══ Extracted data
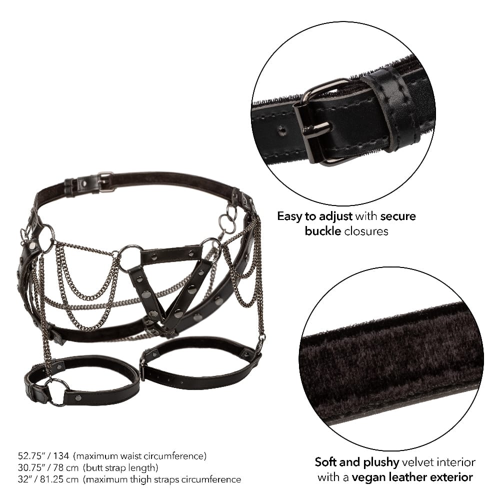 Thoughtfully crafted with adjustable waist and thigh straps, this harness ensures a secure and comfortable fit for plus-size bodies. The buckle closures are easy to manipulate, allowing you to tailor the harness to your unique shape and size. This customizability not only enhances comfort but also amplifies the harness’s visual appeal, as the chains drape elegantly, accentuating curves with every movement.
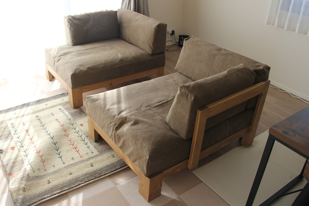 時には離して使用したり、合わせて使用したり、横並びにすると2240mmのソファにもなり様々なシーンで模様替えして頂けます。
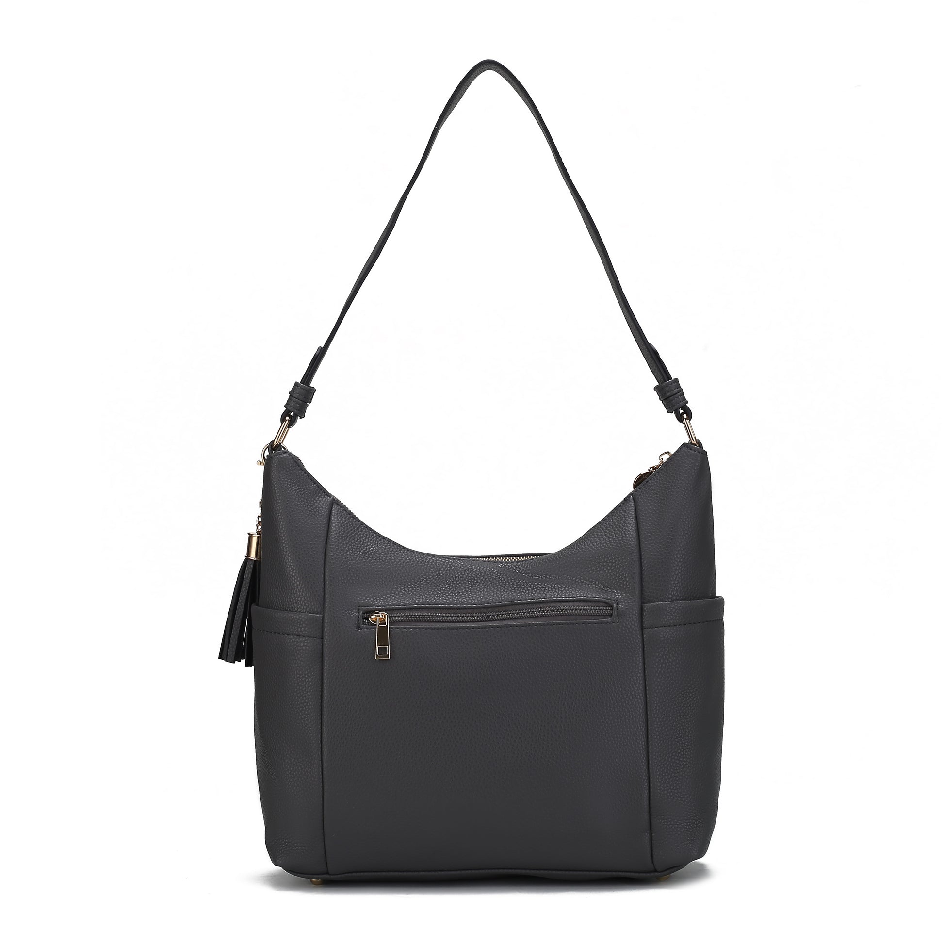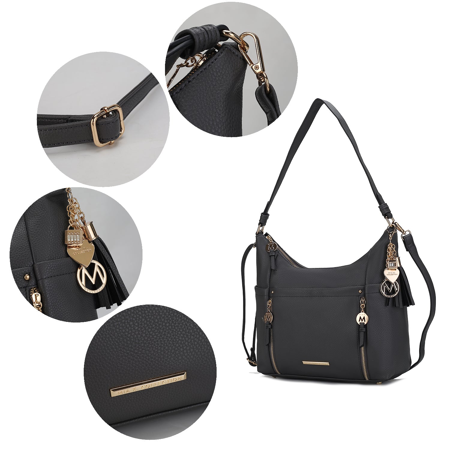 - Our Ruby shoulder bag is a softly structured style you’ll carry time and again. Crafted from pebbled vegan leather, this large carryall is spacious enough to hold all your essential items, making it the perfect everyday piece. Unzips the top zipper closure to reveal a fully lined interior with a zippered pocket and two slip pockets. The exterior features a convenient deep slip pocket on each side to hold other key items, a magnetic closure large pocket in the front, and a zippered back pocket in the back. Designed with gold-tone embellishments, there are two front zippers for decorative purposes with our zipper puller emblem on them. It comes also with a detachable key chain with our round emblem on it. Wear this style by the top handle, on your shoulder or attach the adjustable strap and carry it crossbody for hands-free ease. This style has a flat base and feet for stability. You will love our Ruby Shoulder Bag
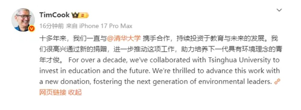 据介绍,“我们很荣幸能在与清华大学长达十年的合作基础上更进一步,通过学术能力培养与实践经验赋能,助力学子们推动环境事业的发展。”Apple CEO Tim Cook表示,“新一代年轻人将如何运用创新与协作的力量让世界变得更美好,我们对此充满期待。”
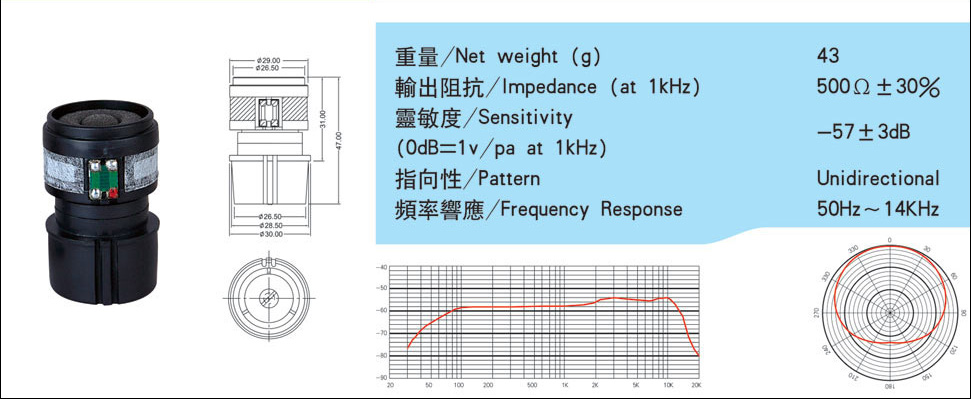 | PFDM-29D30-31H47(动圈式麦克风 Dynamic Microphone Cartridge ) |
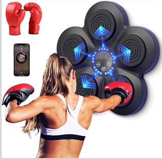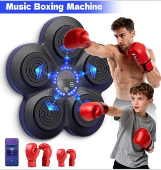 Máquina de boxeo musical para entrenamiento. - Diseño compacto y portátil. - Superficie de golpeo acolchada. - Con bluetooth - Trae un par de guantes de boxeo nuevos - Está en su caja
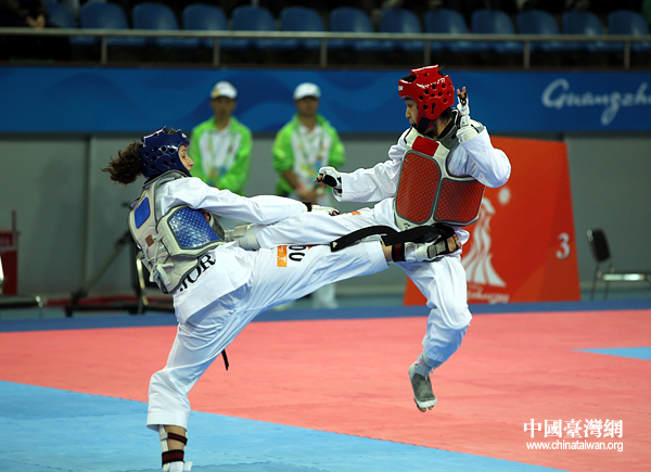 中國臺灣網(wǎng)11月17日廣州消息 在剛剛結束的廣州亞運會跆拳道女子46公斤決賽中,中華臺北隊17歲的小將黃顯詠以6:3戰(zhàn)勝約旦對手達娜·圖蘭,為中華臺北隊再添一金。
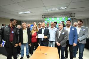O coordenador regional do PL no Vale do Araranguá e assessor especial da Casa Civil, André Fernandes, o prefeito de Ermo, Paulinho Della Vecchia e o assessor da deputada Júlia Zanatta, Robson Pizzolo, Prefeito de Balneário Gaivota Everaldo Kekinha dos Santos, participaram da cerimônia de em que tiveram suas fichas abonadas por Jorginho Mello.
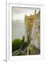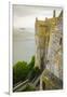 Abbey walls and bay, Mont Saint-Michel monastery, Normandy, France
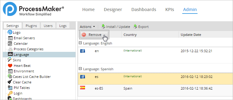 To delete a language from the ProcessMaker system, login into the ProcessMaker workspace where the language was originally installed. For example, if the language was originally installed in the "sales" workspace, then log into that workspace. Go to ADMIN > Settings > Language and select the language in the list by clicking on it and it will be highlighted as seen in the image below. Then, go to the "Actions" menu and select the "Remove" option.
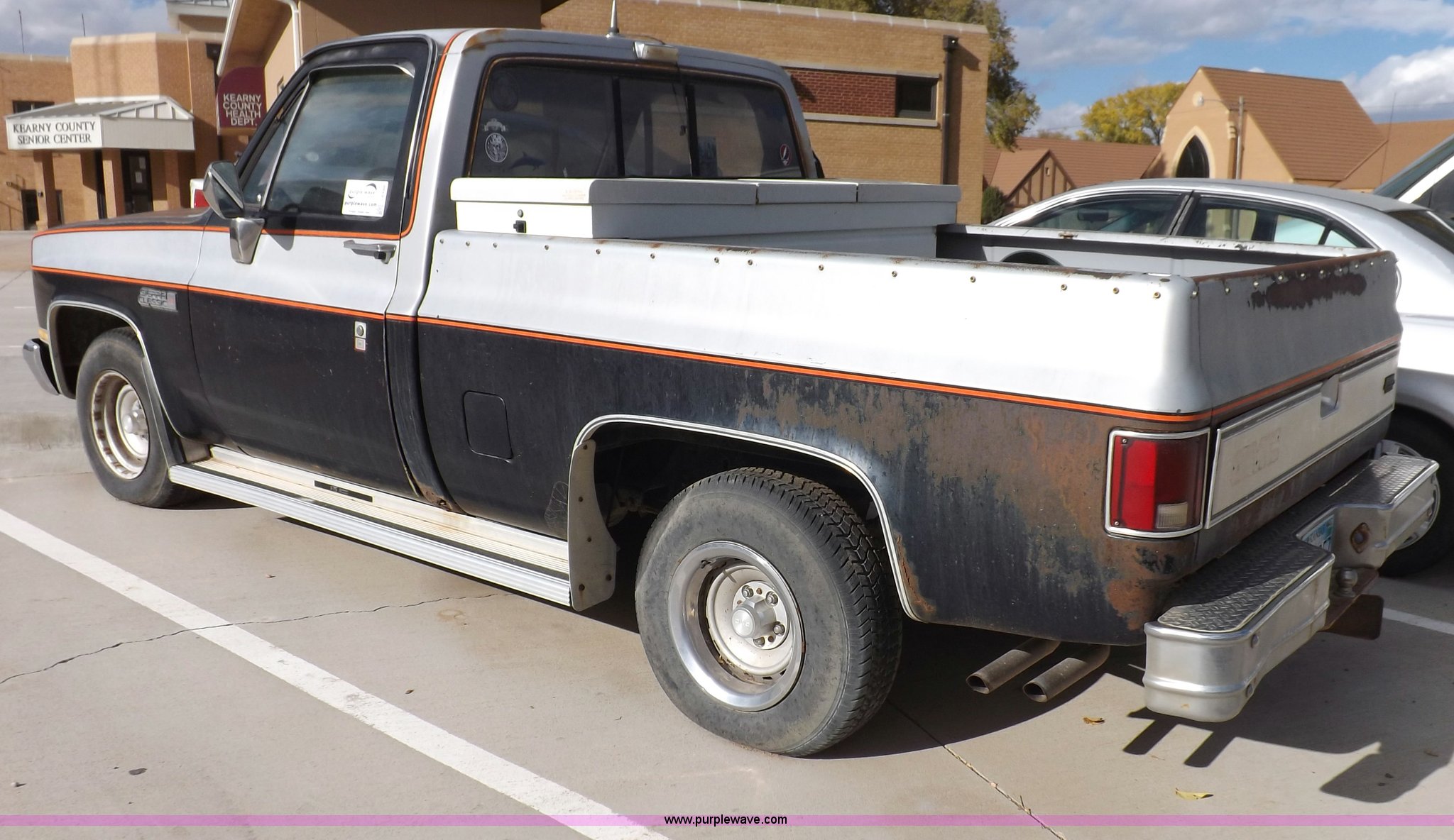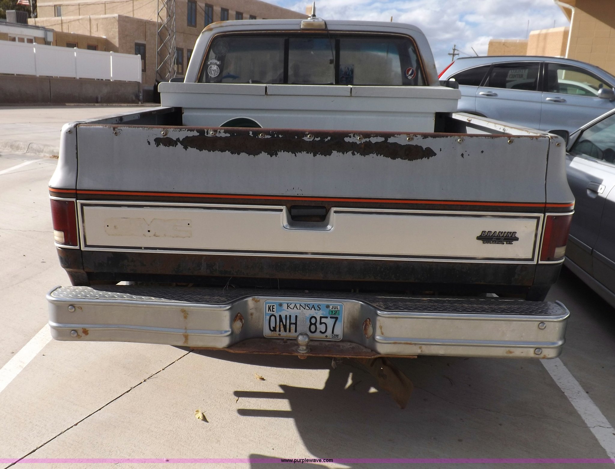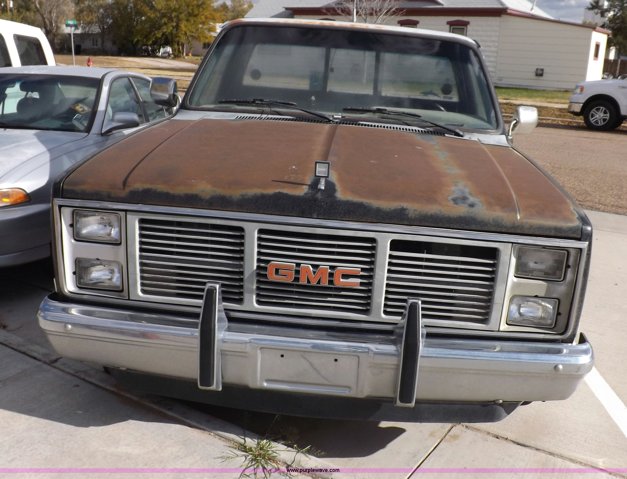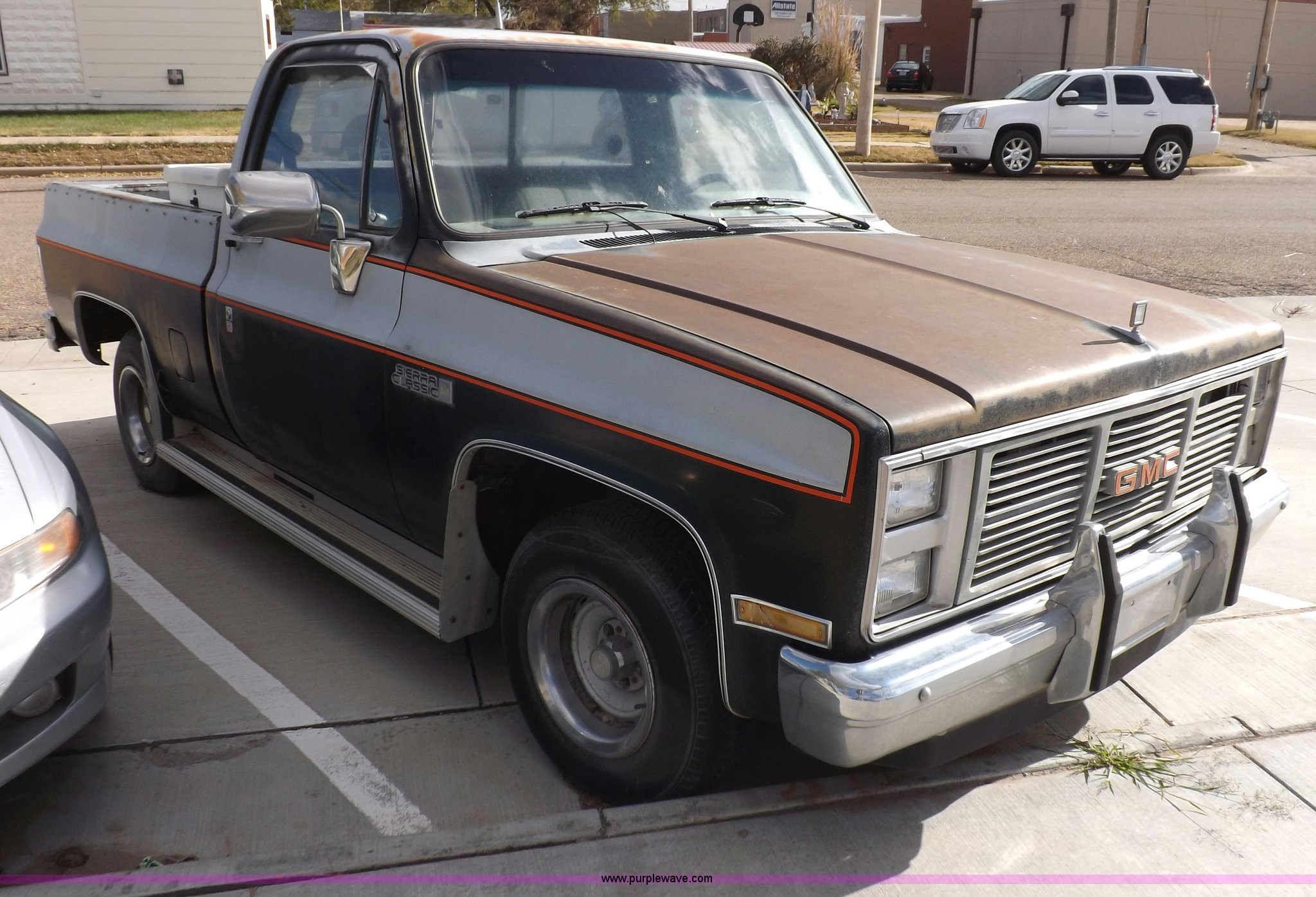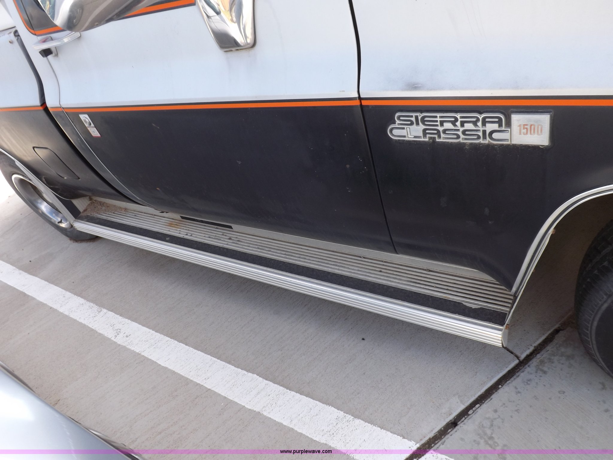 Purple Wave is selling a used Passenger Vehicle in Kansas. This item is a 1985 GMC Sierra Classic 1500 pickup truck with the following: 84,842 miles on odometer, 5.0L V8 VIH 16V gas engine, Automatic transmission, AC and heat, Tilt, Cruise, AM/FM/cassette, Power windows and locks, Cloth interior, Running boards, Cross bed toolbox, Window trim, 225/75R15 tires, Non-operational, Interior/exterior cosmetic damage, Paint and trim damage, Chipped windshield, Rust, Rear bumper damage, Headliner loose
════
Give again the stretch of lines above from the one with "O coordenador regional" through the one with "Abbey walls and", both ends kept, and copy no pictures.

O coordenador regional do PL no Vale do Araranguá e assessor especial da Casa Civil, André Fernandes, o prefeito de Ermo, Paulinho Della Vecchia e o assessor da deputada Júlia Zanatta, Robson Pizzolo, Prefeito de Balneário Gaivota Everaldo Kekinha dos Santos, participaram da cerimônia de em que tiveram suas fichas abonadas por Jorginho Mello.
 Abbey walls and bay, Mont Saint-Michel monastery, Normandy, France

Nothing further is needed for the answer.